Mikel Garcia Idiakez @mikelgi 2024ko maiatzaren 15
Plan perfektuaren arrastoan errendimendua eta denborarik ez galtzea obsesio bilakatzen den etxeetan, haurtzaroa ezabatzeko arriskua dago. Argazkia: Freepik

They say it is a trend that has multiplied in these years: as if their children were a personal project, parents want education to be perfect, with the best pedagogical books, with the best teachers and the best extra-school coaches and coaches, so that the child gives the best results as soon as possible without wasting time, because the culture of achievement is living us.

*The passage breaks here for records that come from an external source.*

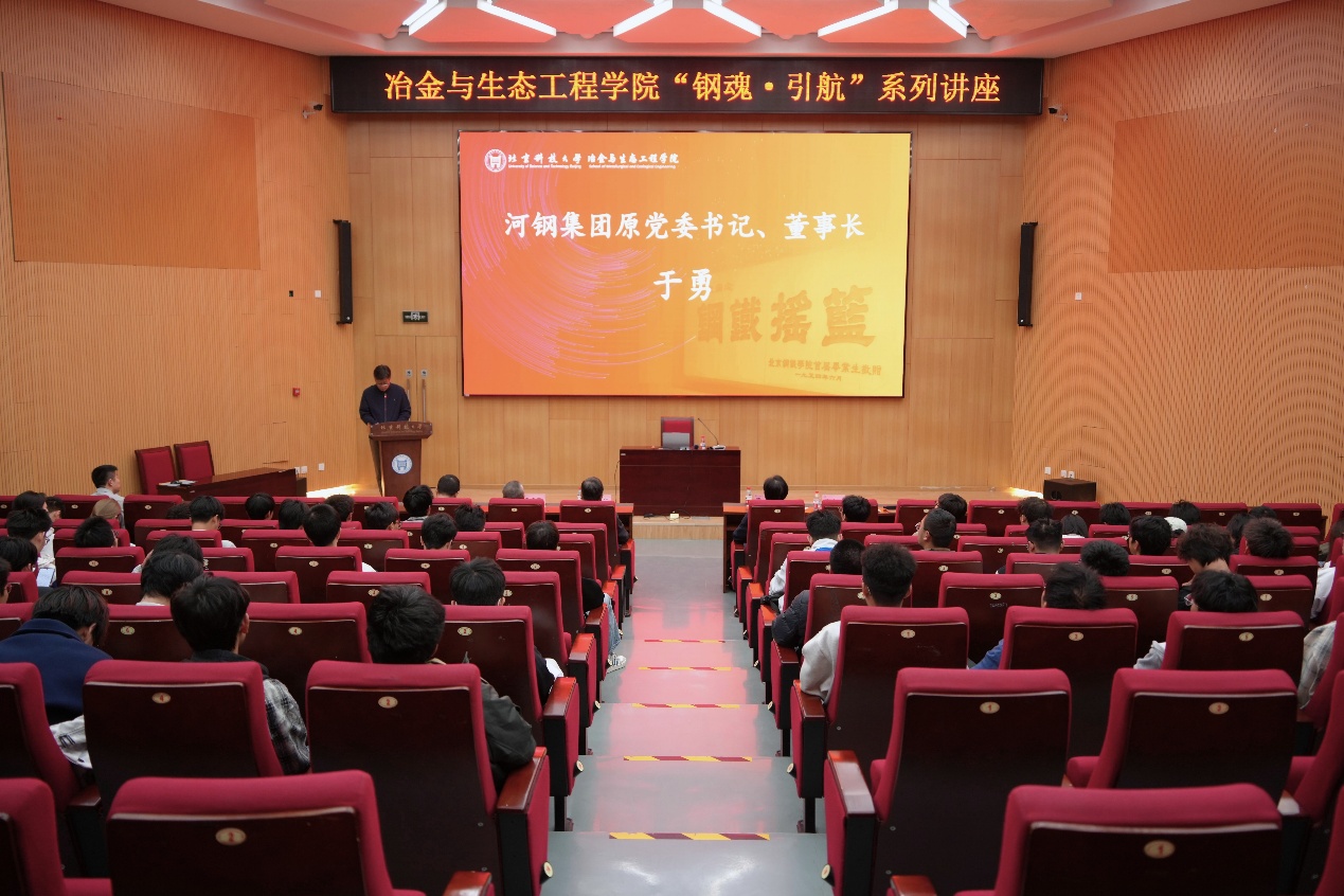 4月8日,age动漫 “钢魂·引航”系列讲座第一讲在学术报告厅顺利举行,学院邀请到河钢集团原党委书记、董事长于勇作交流报告,中国钢铁工业协会副会长、中国国际贸易促进委员会冶金行业分会会长(兼)李毅仁、age动漫 院长助理(挂职)、辽宁科技学院发展规划与学科建设办公室副主任李晓亮、age动漫 党委副书记、副院长康泰及100余名冶金工程专业新生参与。讲座由age动漫 党委书记宁晓钧主持。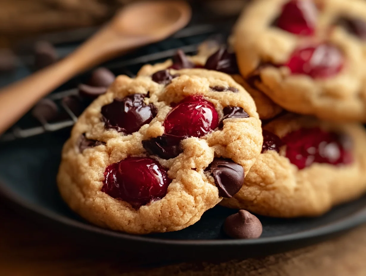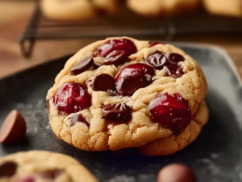 Tip: If you like picture-perfect cookies, press a few extra chocolate chips and cherry pieces on top of each dough ball before baking. It gives them that “bakery-style” look!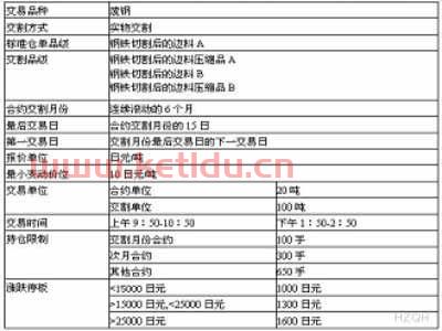 交易时间上午09:00—10:15 10:30—11:30 下午13:30—14:10 14:20—15:00 最后交易日 合约交割月份15日(遇法定假日顺延)交割日期 最后交易日后连续五个工作日 温馨提示:以上信息仅供参考。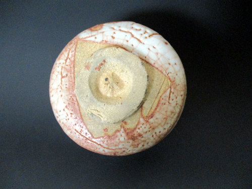 端正でナチュラルな造形ながら、深みを帯びた火色に白釉と大小の貫入のコラボ、大胆な月の絵が合わさって華やかな印象も受ける見ていて飽きのこない志野茶碗です。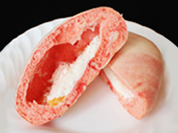 岡山は桃太郎伝説もあるくらいで、絶対的な名物が桃です。桃の果肉とクリームがたっぷり入っており、ほんのりの酸味と甘さが絶妙。ピンク色のかわいいパンです。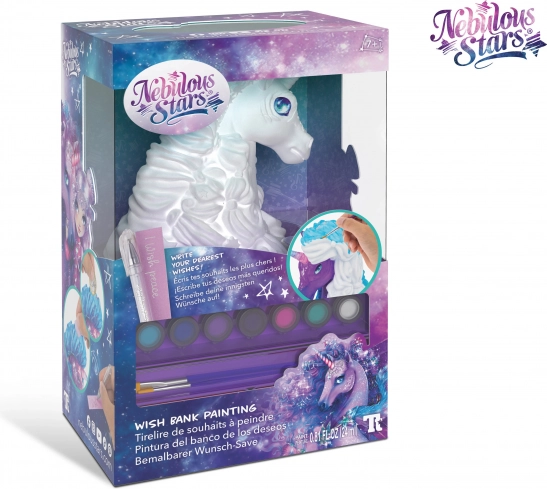 Nebulous Stars Kasica za želje. Set, oboji svoju vlastitu kasicu za želje. Sadržaj pakiranja – kasica, 7 akrilnih boja, sjajni lak s glitterom, 2 kista, 75 kamenčića, mini gel olovka, mini dnevnik, upute.

However, in homes where the performance and lack of time in the imprint of the perfect plan becomes obsession, you risk eliminating childhood because the child needs to explore, discover, experiment, understand, develop at its pace… rather than aspiring. And in addition, the dream of a thousand towers and castles that have been built often collapses in adolescence, when the young man who has felt that the happiness of his parents depended on his achievements, drowned by pressure, begins to have rupturistic attitudes and suddenly abandons football and dance classes.

It is curious, moreover, that fathers and mothers who seek the excellence of their son in many areas may tend to overprotect their sons and daughters in other basic areas for the development of autonomy.

A young man who feels that the happiness of his parents depended on his accomplishments, drowned by pressure, begins to have disruptive attitudes during adolescence.

Ways of living paternity

La Vanguardia has taken up these reflections from a study published by the American University of Ohio. The research affirms that the ideas of perfect education are exhausted by many parents, and that this tiredness is related to internal and external expectations, to ways of living paternity, to demands and to feeling judged. “The desire to be a perfect mother or father causes stress, anxiety, disappointment and feeling of guilt, and stifles the desires to have a perfect child,” experts say.

"How do you seek balance with expectations? We have to know how to really see what skills and what improvement gaps they have, and accept them because what they need from us is to recognize them."

After all, our children will internalize what we transmit to them, as Esther Martínez explained in ARGIA: “How we see them, they have a huge influence on them. When we talk to children, we see that when expectations are very high, for example, they push themselves to reach the expectation, and it's related to the labels: if I put a label on my child, it's very quick and saliva, and if he doesn't look like that, it will influence self-esteem. Even if the expectation is not positive: if I repeat it is vague, it will have a vague behavior, because for her the most important thing is for me to see it. How do we seek balance with expectations? Accepting what they are, we have to know how to really see what their skills are and what their needs for improvement are and accept them because accepting what they are is what they need from us.”